(Recorded data)
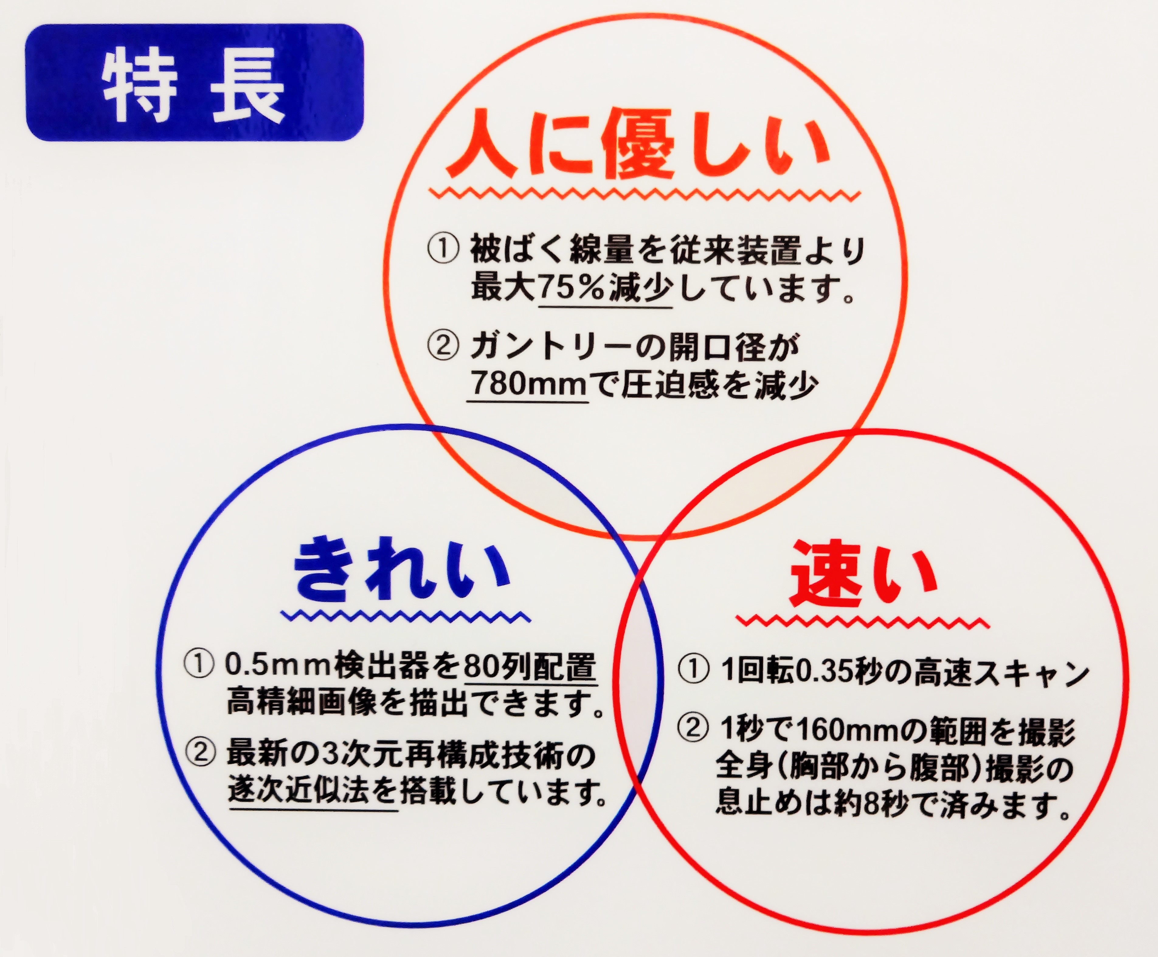 さらに高画質を実現しながらも従来の装置に比べて、最大1/4という「低被爆」を実現し、患者様への影響も考慮された、患者様に優しい検査です。
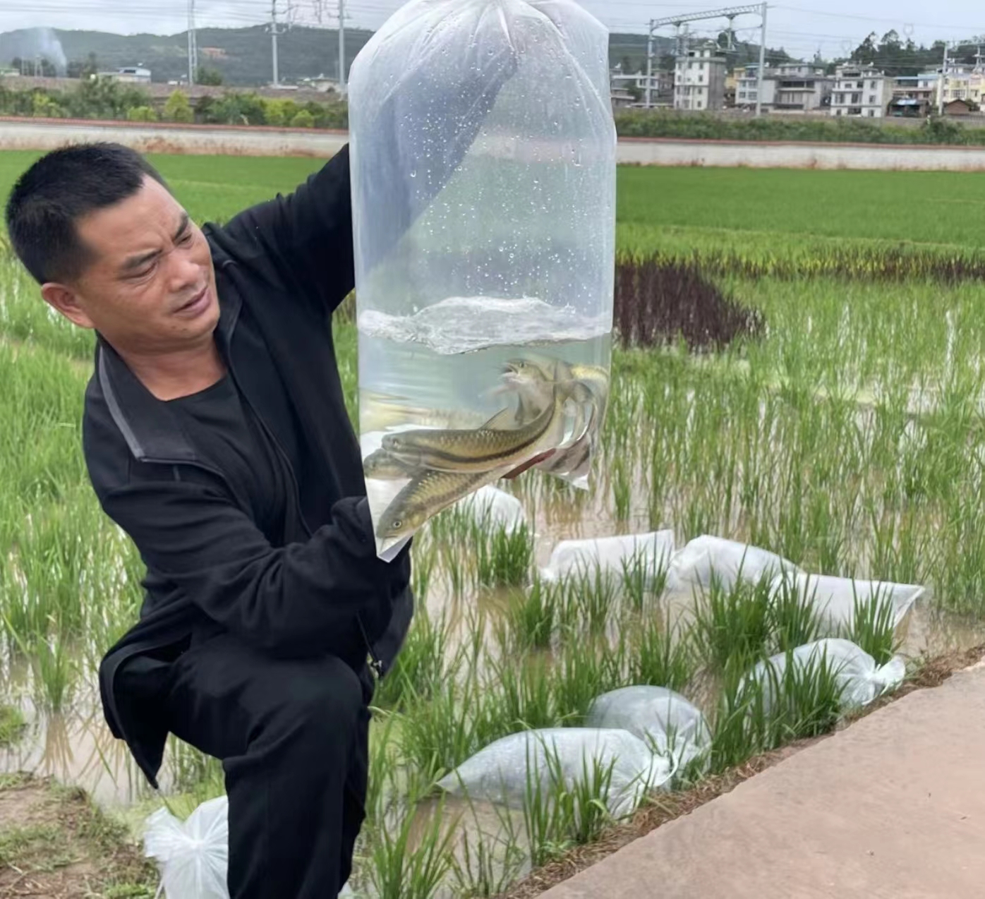 平山社区党总支书记王宗富说:“今年社区借助南华县2022年稻鱼综合种养核心样板项目的支持,通过彩色稻田示范推广稻鱼种养,在6个小组发展约2000亩、带动农户自发1000多亩的稻田养鱼示范区。投放的品种包括金元鲃和高背软鲤两个优质品种,预计亩产鲜鱼50公斤、稻谷600公斤,除去农户所有成本,每亩稻鱼农户收入在3000元左右。稻田养鱼促进了生态良性循环,提高粮食产量,还让我们当地村民增收致富。”
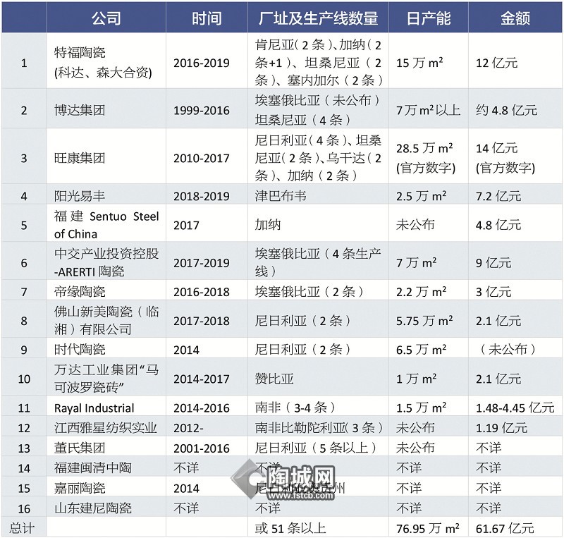除了特福、旺康、博达外,广东、福建、浙江温州、湖北等多地的企业也早已到非洲“淘金”,比如福建闽清的中陶、嘉丽和山东的建尼陶瓷等。
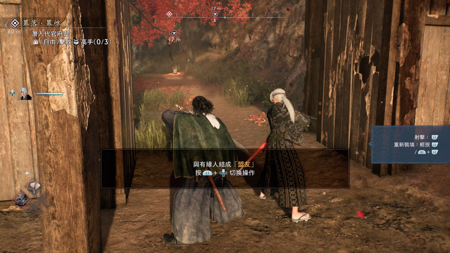 浪人任務中的關卡攻略,最多可帶兩名盟友出戰,但不在是只有 AI 操作,玩家也可以切換操作盟友,分散對手注意力,在初期玩家缺少流派的情況下,使用盟友對戰的效益高上許多,不過要注意以盟友討伐敵人的話,武器熟練度將以當下盟友的武器為基準提昇。
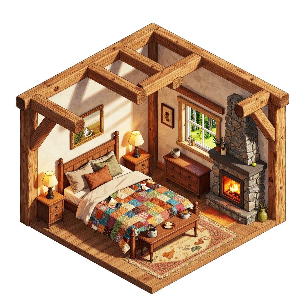 Isometric bedroom drawing portraying a rustic cabin style with wooden beams, a large comfy bed with patchwork quilts, a stone fireplace, vintage furniture, cozy rugs, and warm natural light streaming through a small window surrounded by forest scenery.
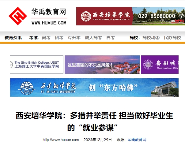强化责任担当,创新服务载体,推动就业指导提质增效。”这是西安培华学院校长李映方在2024届全省高校毕业生就业创业工作会议上的发言。他指出,2023年,西安培华学院全面落实高校毕业生就业工作的重要指示批示精神,落实省委、省政府关于稳就业决策部署,强化责任担当,创新服务载体,建立全程化就业指导服务育人机制,全力推动毕业生高质量充分就业。学校先后获评教育部全国创新创业典型经验高校、陕西省示范性高校就业创业指导服务机构、陕西高校就业工作先进集体等多项荣誉。
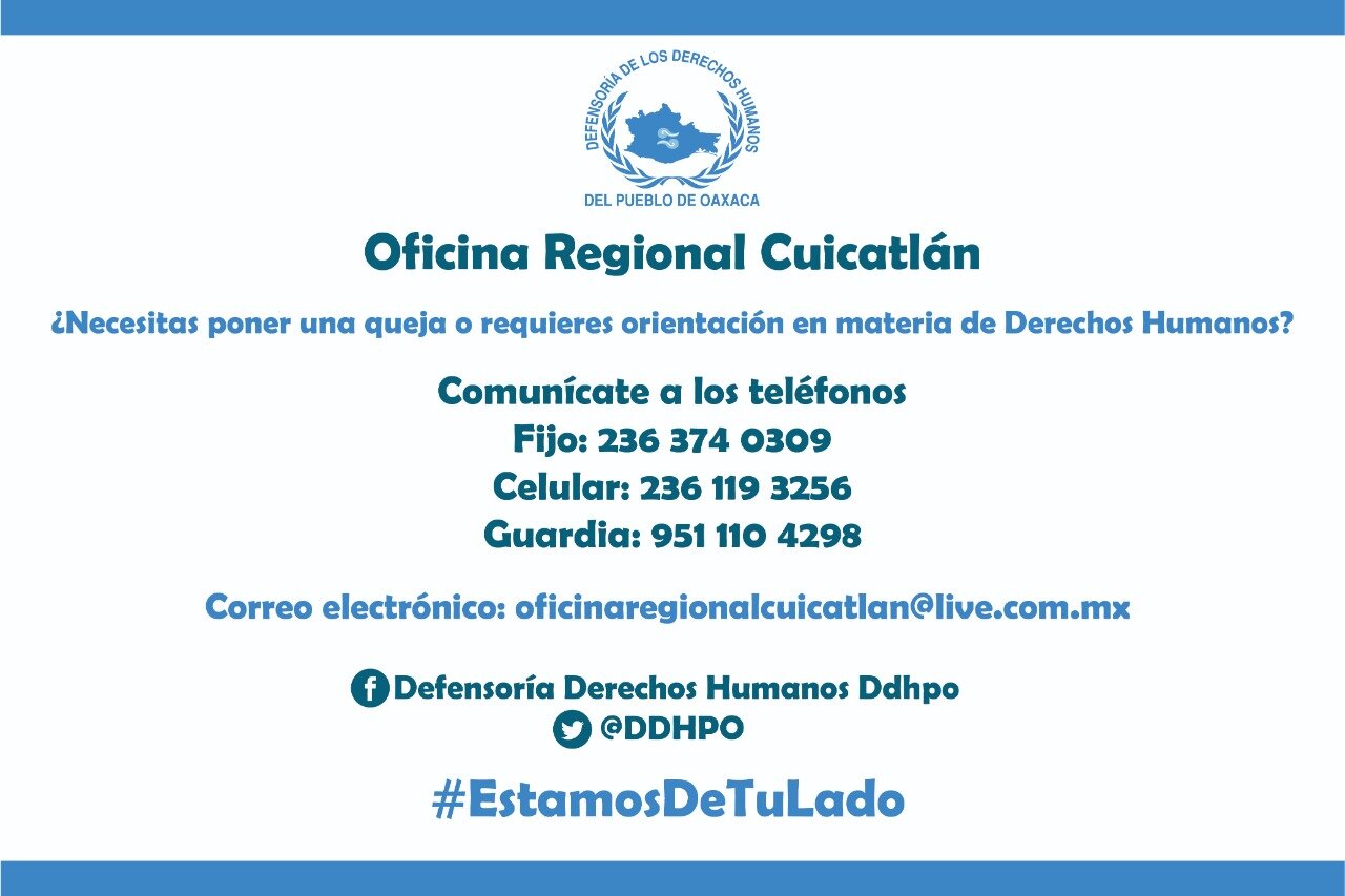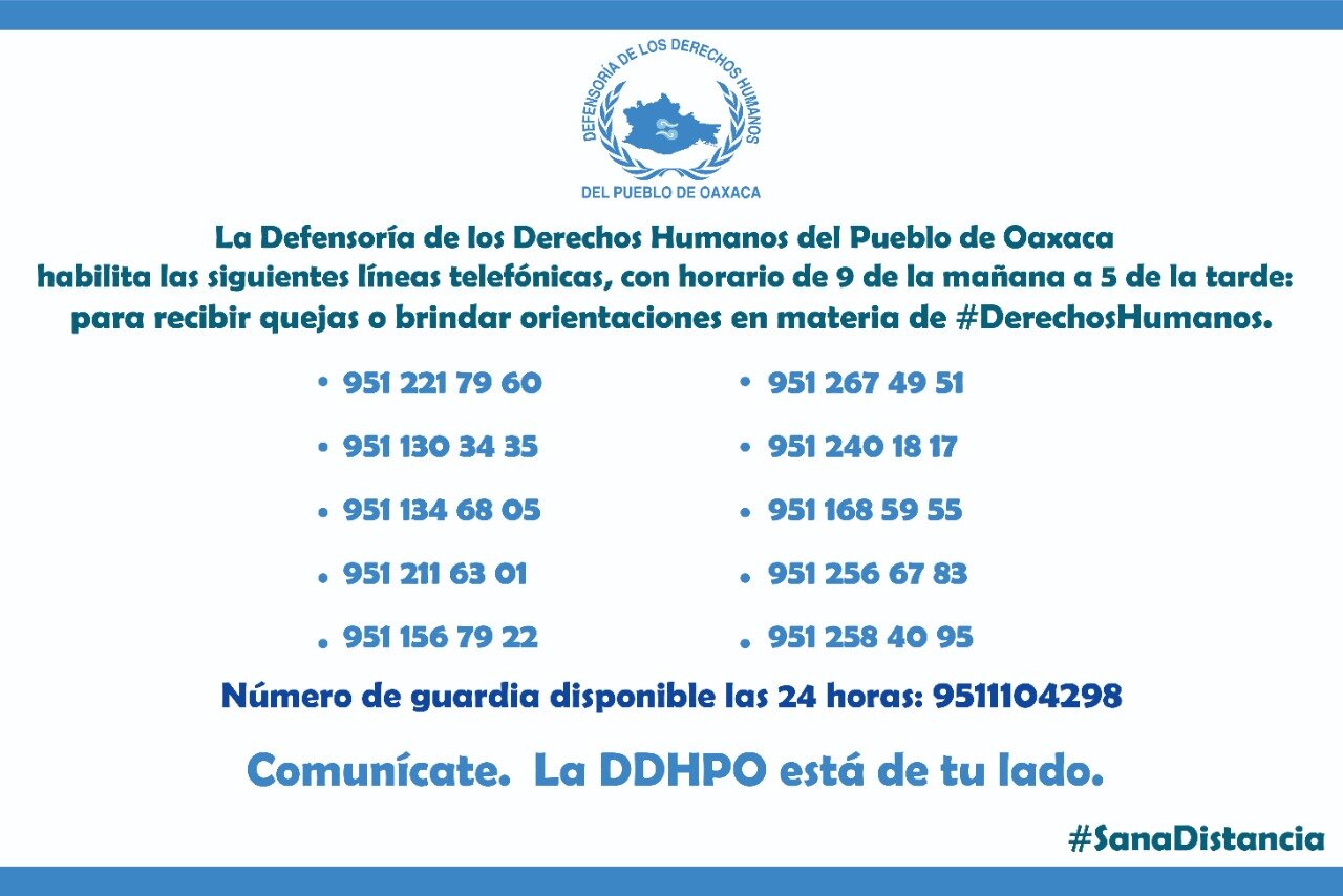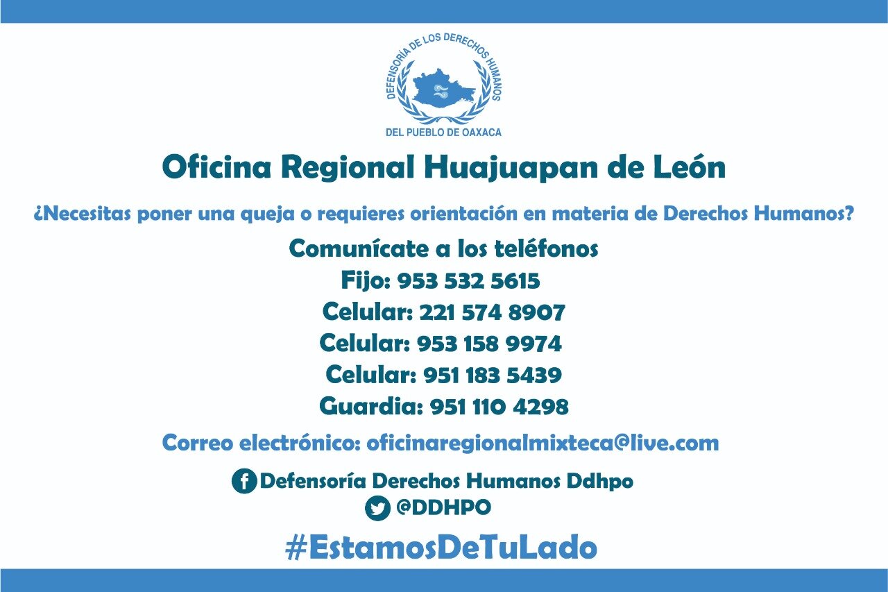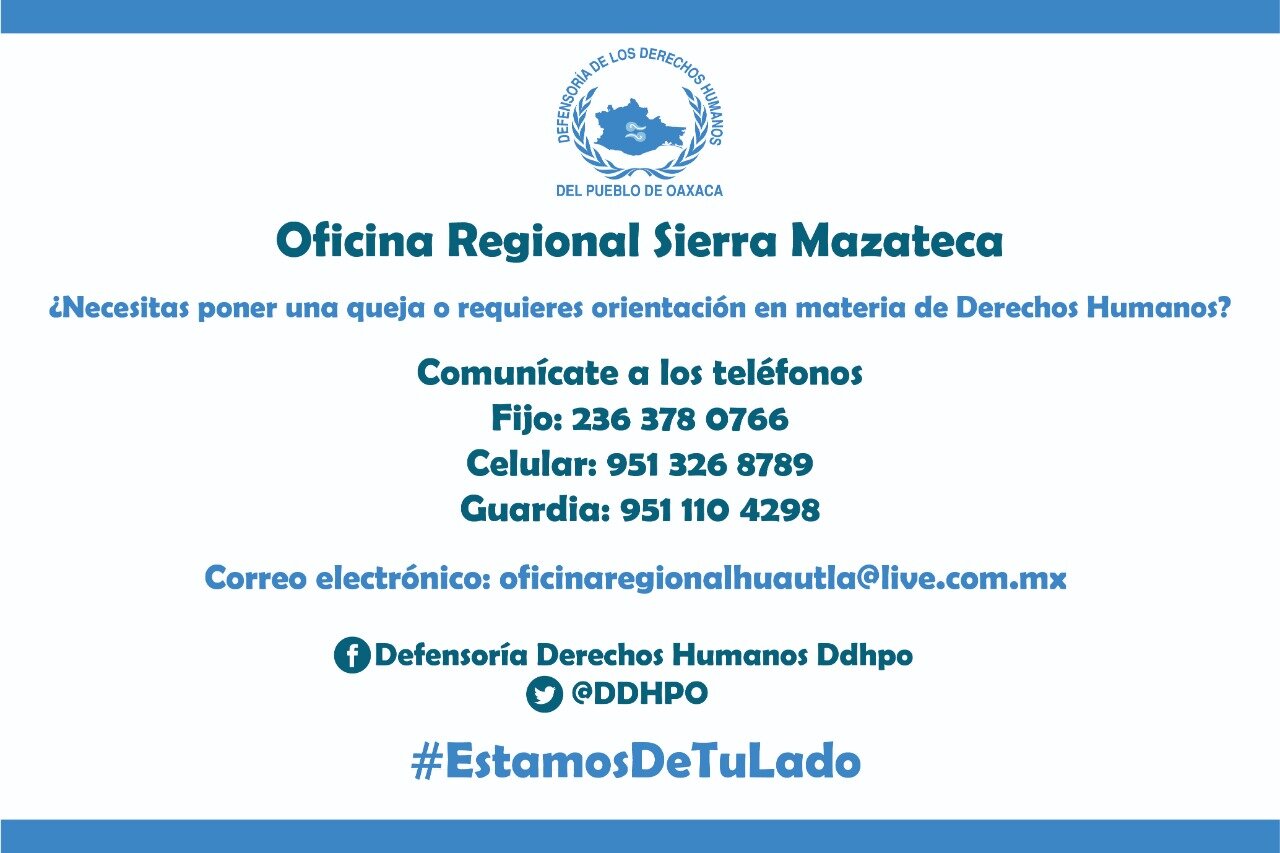 ¿Tiene alguna pregunta? (951) 50-30-215 defensoria@derechoshumanosoaxaca.org |

### WHAT THE TASK ASKS
Without carrying over any picture, retype the records above word for word.

### ANSWER
 さらに高画質を実現しながらも従来の装置に比べて、最大1/4という「低被爆」を実現し、患者様への影響も考慮された、患者様に優しい検査です。
 平山社区党总支书记王宗富说:“今年社区借助南华县2022年稻鱼综合种养核心样板项目的支持,通过彩色稻田示范推广稻鱼种养,在6个小组发展约2000亩、带动农户自发1000多亩的稻田养鱼示范区。投放的品种包括金元鲃和高背软鲤两个优质品种,预计亩产鲜鱼50公斤、稻谷600公斤,除去农户所有成本,每亩稻鱼农户收入在3000元左右。稻田养鱼促进了生态良性循环,提高粮食产量,还让我们当地村民增收致富。”
除了特福、旺康、博达外,广东、福建、浙江温州、湖北等多地的企业也早已到非洲“淘金”,比如福建闽清的中陶、嘉丽和山东的建尼陶瓷等。
 浪人任務中的關卡攻略,最多可帶兩名盟友出戰,但不在是只有 AI 操作,玩家也可以切換操作盟友,分散對手注意力,在初期玩家缺少流派的情況下,使用盟友對戰的效益高上許多,不過要注意以盟友討伐敵人的話,武器熟練度將以當下盟友的武器為基準提昇。
 Isometric bedroom drawing portraying a rustic cabin style with wooden beams, a large comfy bed with patchwork quilts, a stone fireplace, vintage furniture, cozy rugs, and warm natural light streaming through a small window surrounded by forest scenery.
强化责任担当,创新服务载体,推动就业指导提质增效。”这是西安培华学院校长李映方在2024届全省高校毕业生就业创业工作会议上的发言。他指出,2023年,西安培华学院全面落实高校毕业生就业工作的重要指示批示精神,落实省委、省政府关于稳就业决策部署,强化责任担当,创新服务载体,建立全程化就业指导服务育人机制,全力推动毕业生高质量充分就业。学校先后获评教育部全国创新创业典型经验高校、陕西省示范性高校就业创业指导服务机构、陕西高校就业工作先进集体等多项荣誉。
 ¿Tiene alguna pregunta? (951) 50-30-215 defensoria@derechoshumanosoaxaca.org |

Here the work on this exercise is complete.